The Way We Talk To Ourselves Tells Us More Than We Realise

Self-talk can be useful, or it can be detrimental

Photo by __darkwhite__ on Reshot

All of us, no matter who we are, talk to ourselves. We may not physically talk to ourselves, but there is a constant chatter inside our heads that rarely subsides.

That little voice in our head will always be there. It will be with us through thick and thin, a constant companion on the journey of life.

That’s why it’s imperative that we talk to ourselves with respect and affection, and don’t put ourselves down.

You don’t want to end up in a scenario where your inner voice is constantly sniping at you. There is no way we would let anyone else talk to us like this, so why she should we talk to ourselves like this?

Self-love is the first step on the path to loving others. After all, how can you love others if you do not love yourself first?

We may let ourselves be dictated to by our inner voice, but to become our best selves we need to become its master, not its minion.

Talk To Me

You are the only person that you will spend your entire life with. From the day you are born to the day you die, you will have yourself for company no matter what.

The way we talk to ourselves is a fundamental factor in shaping who we become. It influences how we feel about ourselves, how we feel about what we can achieve, how we are viewed by the world and how we interact with it.

All of this chatter affects us on a scale we seldom recognise. It impacts our self-esteem, self-worth and how we portray ourselves. If your internal voice is either negative or positive that will make a huge difference to your life.

We need to acknowledge how we talk to ourselves, otherwise, we will end up being ruled by our thoughts inside of controlling them.

When I was younger, I had terrible self-esteem. I would go as far as to say that I barely had any self-esteem at all. A lot of this was influenced by insecurities about my weight, but this was perpetuated by the chatter inside my head.

I let external factors influence my internal well-being. I would constantly put myself down instead of building myself up. I had an overwhelming pessimistic outlook on life. Negativity ruled me with an iron fist.

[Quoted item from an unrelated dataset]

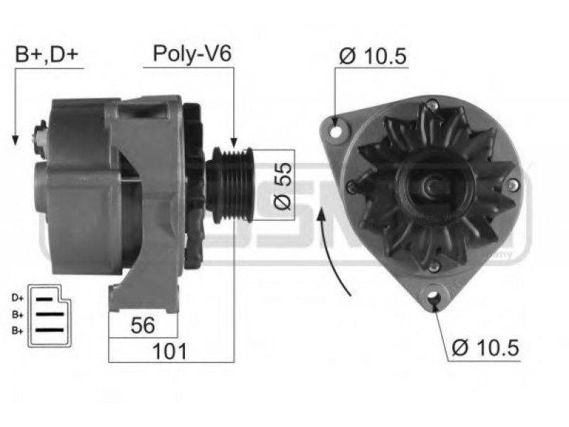 prekės numeriui: 210032 įtampa [V]: 14 kintamosios srovės generatoriaus įkrovimo srovė [A]: 55

This carried on for a long time. My default mode towards myself was overly critical. If I made the slightest error I would chastise myself and, sometimes, let the mask slip by blurting out my inner feelings.

I don’t remember when exactly, but there came a point when I realised this cannot carry on. If I continued to talk to myself like this, I would be miserable and not become the best version of myself.

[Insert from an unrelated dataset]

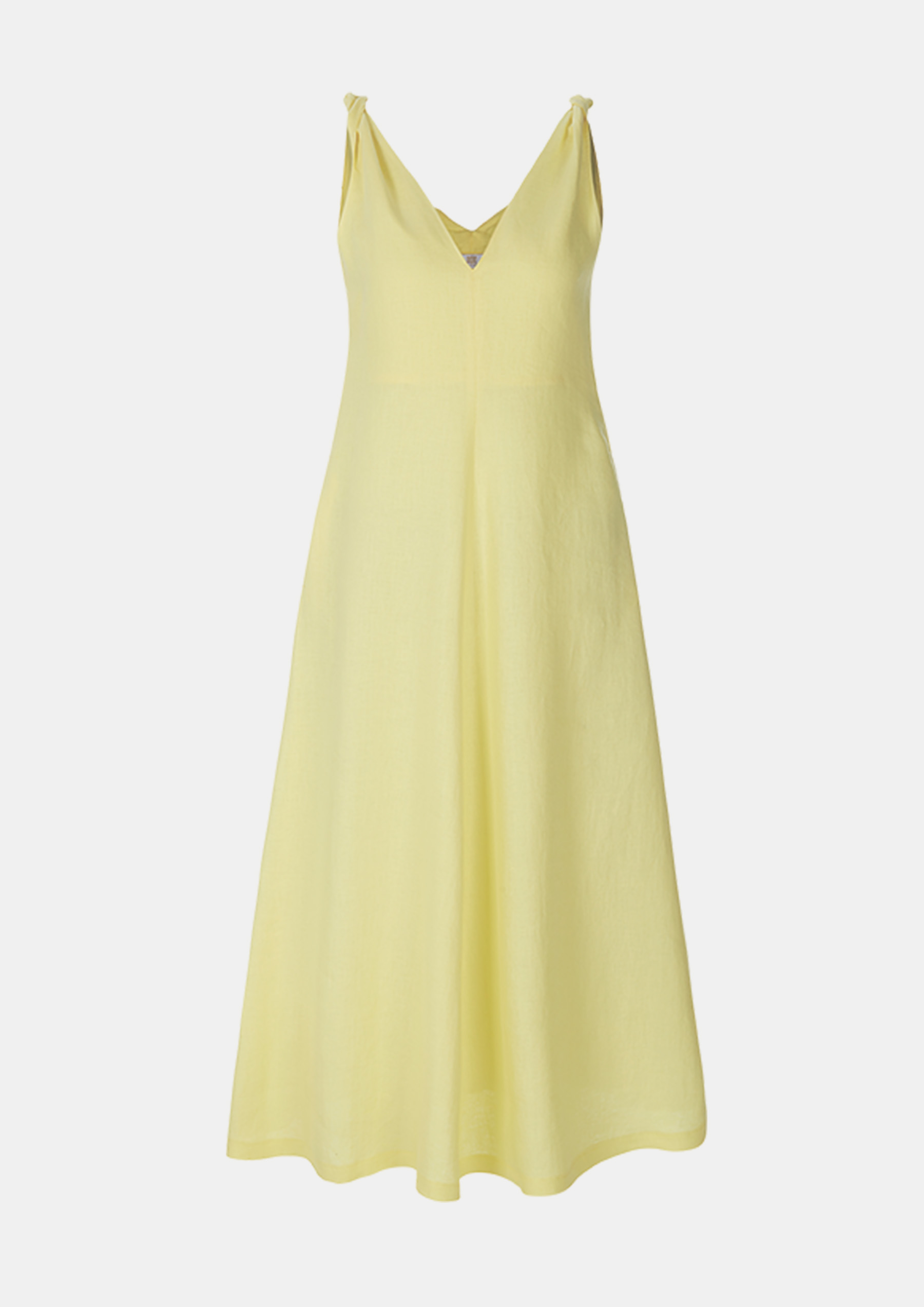Льняное платье, которое покорит своей естественностью. Женственный V-образный вырез, крученые бретели, модная длина миди и, конечно же, качественная ткань – вот что делает его таким очаровательным. Платье имеет подкладку, поэтому его можно носить для более официальных мероприятий или в офисе.

Ever since I have tried to be more aware of what goes on inside my head. I try not to live there as much as I did when I was younger and be more present. The chatter has died down, but there are still times when old habits resurface.

When they do, I don’t get down and beat myself up for letting these thoughts seep back in. Instead, I acknowledge the thought and move on. I do not let it hold any power over me. As quick as it enters my mind, it leaves. I do not dwell on these thoughts for that is all they are, thoughts.

As Willie Nelson states:

“Once you replace negative thoughts with positive ones, you’ll start having positive results.”


Our internal dialogue is one of the most underrated aspects of our lives. It affects us more than we know.

While this article may have been negatively biased so far, the good news is that positive self-talk has a number of benefits. It can boost our confidence, make us feel better about ourselves, reduces stress, and can even increase your performance.

All of this from changing from a negative mindset to a positive one!

The reality is, we can either be our own best friend or own worst enemy. Your thoughts are the source of your emotions and mood. It’s the equivalent of putting the wrong type of fuel into your car. Put the wrong fuel in, and the car either won’t work at all, or is a shadow of its true potential.

The same applies to our mind. The more control we have over our thoughts and the more we regulate the negative ones, the better our quality of life.

Look at these two inner dialogues:

  • “I’m going to speak up in the meeting today because I have something that I really want to share!”
  • “I think I’ll keep quiet in the meeting today, nobody wants to hear what I have to say anyway.”

The difference between the two is stark. One demonstrates a positive attitude that shows the person is taking charge of their life and acting with intent, while the other shows someone who is held captive by their negative thoughts.

We have all been in a similar situation to the second scenario. I have thought this way numerous times when I should have gone with the first option. The issue with the second option is that while we all may feel shy about speaking up, our voice is no less worthy than anyone else’s.

The only way we make this so, is if we believe this is the case. This is the essence of negative self-talk. The chat is destructive and it can manifest itself into reality without us realising it.

By taking a positive outlook on the world we open ourselves to it, which provides us with more opportunities. There are many ways we can limit those negative thoughts. We can give these gremlins a name, which devalues their potency and pokes fun at them.

We can take a step back and look at the situation and ask ourselves how we can do better next time, instead of kicking ourselves whenever we make a mistake.

By doing this, we are taking the first steps to a better quality of life that will impact us in numerous ways. We are taking control of the conversation instead of being dictated by it.

When we do this, we get to a point that Henry Ford touched upon:

“Whether you think you can, or think you can’t, you’re right.”

The world will either shrink or expand depending on whether your self-talk is positive or not. Which one will it be?